SOURCE DATA

◇ ◇ ◇ ◇ ◇ ◇ ◇

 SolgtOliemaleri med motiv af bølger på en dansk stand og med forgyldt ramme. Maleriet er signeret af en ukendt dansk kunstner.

◇ ◇ ◇ ◇ ◇ ◇ ◇

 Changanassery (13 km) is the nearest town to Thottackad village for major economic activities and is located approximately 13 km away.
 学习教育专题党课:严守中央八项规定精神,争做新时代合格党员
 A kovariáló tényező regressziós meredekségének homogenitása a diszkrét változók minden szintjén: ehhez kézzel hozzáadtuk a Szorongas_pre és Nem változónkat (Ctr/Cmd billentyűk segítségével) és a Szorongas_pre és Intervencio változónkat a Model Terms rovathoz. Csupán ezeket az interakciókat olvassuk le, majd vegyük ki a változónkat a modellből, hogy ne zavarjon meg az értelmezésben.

◇ ◇ ◇ ◇ ◇ ◇ ◇

DIRECTIONS FOR THIS TASK
Starting at the line above that holds "学习教育专题党课:严守中央八项规定精神,争做新时代合格党员" and ending at the line that holds "A kovariáló tényező", transcribe each line exactly and include no other lines.

FINISHED TASK
 学习教育专题党课:严守中央八项规定精神,争做新时代合格党员
 A kovariáló tényező regressziós meredekségének homogenitása a diszkrét változók minden szintjén: ehhez kézzel hozzáadtuk a Szorongas_pre és Nem változónkat (Ctr/Cmd billentyűk segítségével) és a Szorongas_pre és Intervencio változónkat a Model Terms rovathoz. Csupán ezeket az interakciókat olvassuk le, majd vegyük ki a változónkat a modellből, hogy ne zavarjon meg az értelmezésben.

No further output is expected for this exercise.